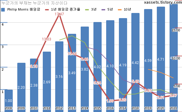 - 필립모리스의 2021년 기준 1, 3, 5, 10년 연평균 배당성장률은 2.97%, 3.14%, 3.42%, 6.07%이다.
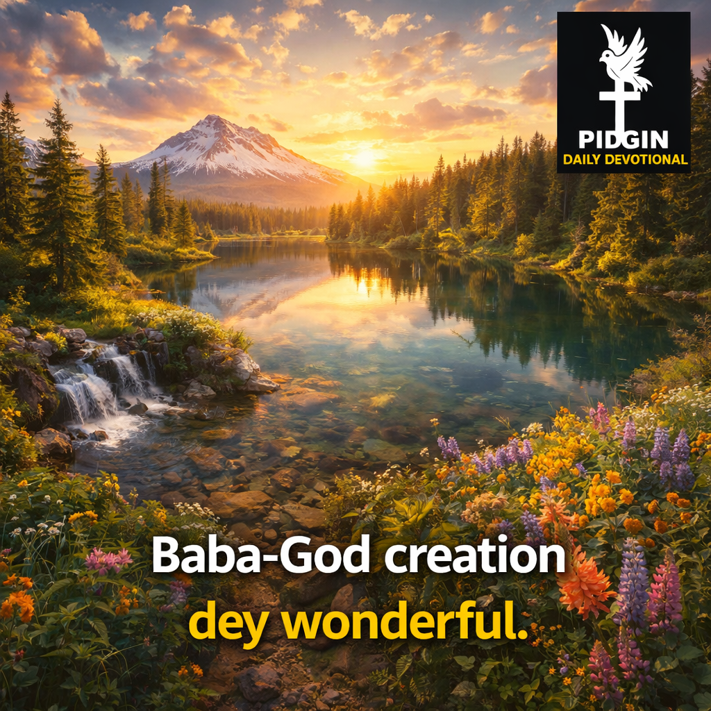 Message: Today, make you pause small to admire wetin Baba-God sabi do. Pidgin proverb tok sey, “Who no stop look sky, fit miss rainbow.” If you no slow down appreciate Baba-God creations, you fit miss di beauty wey He put around you everi day. Look di sun as e dey rise, di moon as e dey shine for night, di ocean wey deep no get end, and di birds wey dey sing like choir. Baba-God paint di world like masterpiece wey no artist fit copy. From di smallest ant to di biggest elephant, everitin get God signature.
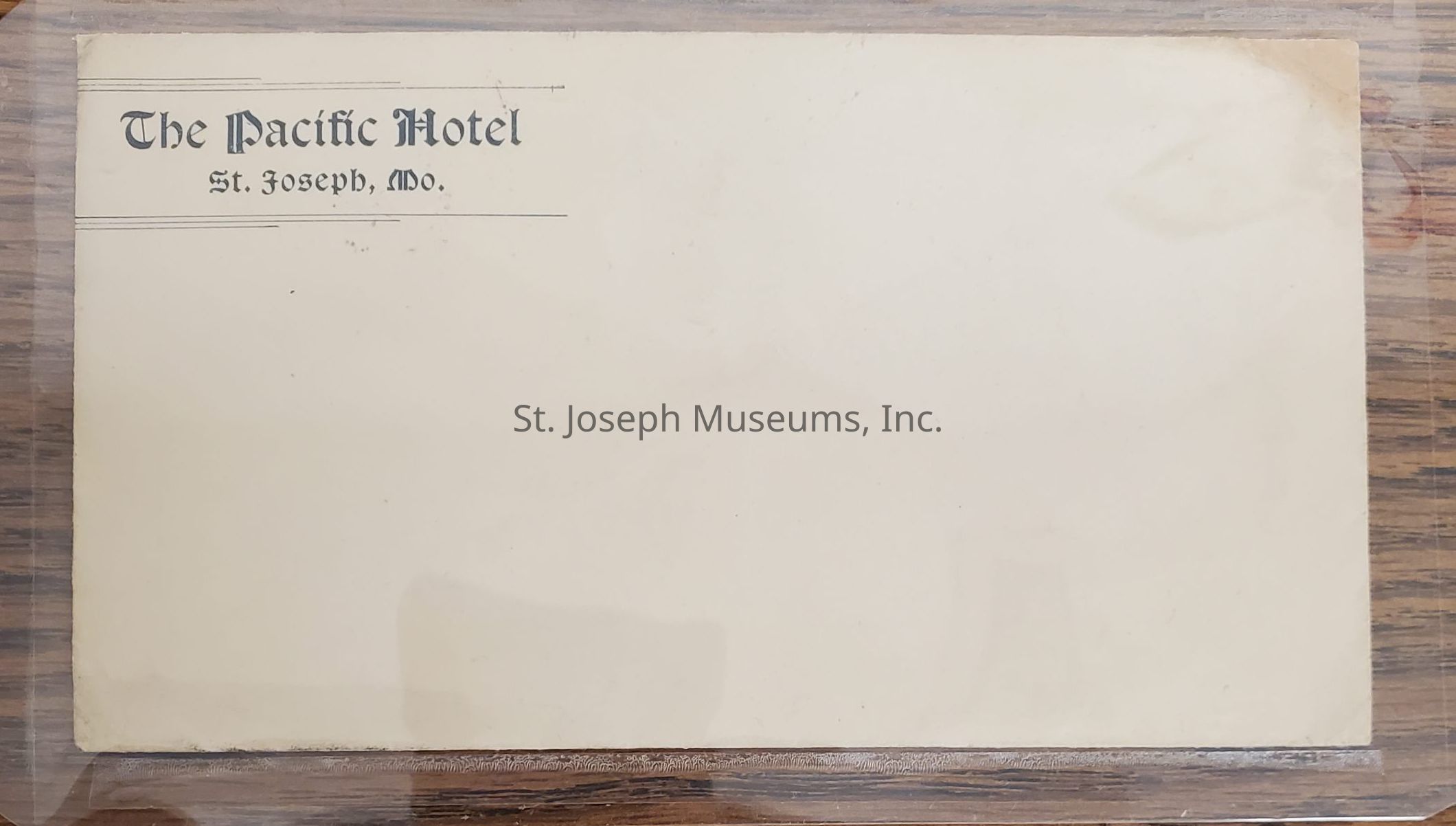 Pacific Hotel, St. Joseph, MO, Envelope, c. 1860's. Blank envelope with logo of "The Pacific Hotel, St. Joseph, Mo" as return address, printed in blue.Lexicon
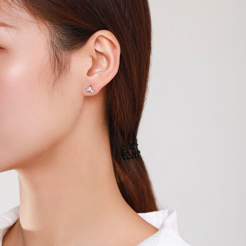 These wholesale 925 sterling silver earrings feature a chic crown-shaped cluster of marquise-cut zircon stones, combining modern simplicity with timeless glamour. Ideal for jewelry retailers and online stores seeking popular, high-quality pieces that appeal to a wide audience. Perfect for bridal collections, daily jewelry lines, or elegant gift sets.

• Task instructions:
With the pictures left out, output exactly the lines from the one with "Pacific Hotel, St. Joseph, MO, Envelope, c." through the end of the listing above, both ends included.

• Output for this task:
 Pacific Hotel, St. Joseph, MO, Envelope, c. 1860's. Blank envelope with logo of "The Pacific Hotel, St. Joseph, Mo" as return address, printed in blue.Lexicon
 These wholesale 925 sterling silver earrings feature a chic crown-shaped cluster of marquise-cut zircon stones, combining modern simplicity with timeless glamour. Ideal for jewelry retailers and online stores seeking popular, high-quality pieces that appeal to a wide audience. Perfect for bridal collections, daily jewelry lines, or elegant gift sets.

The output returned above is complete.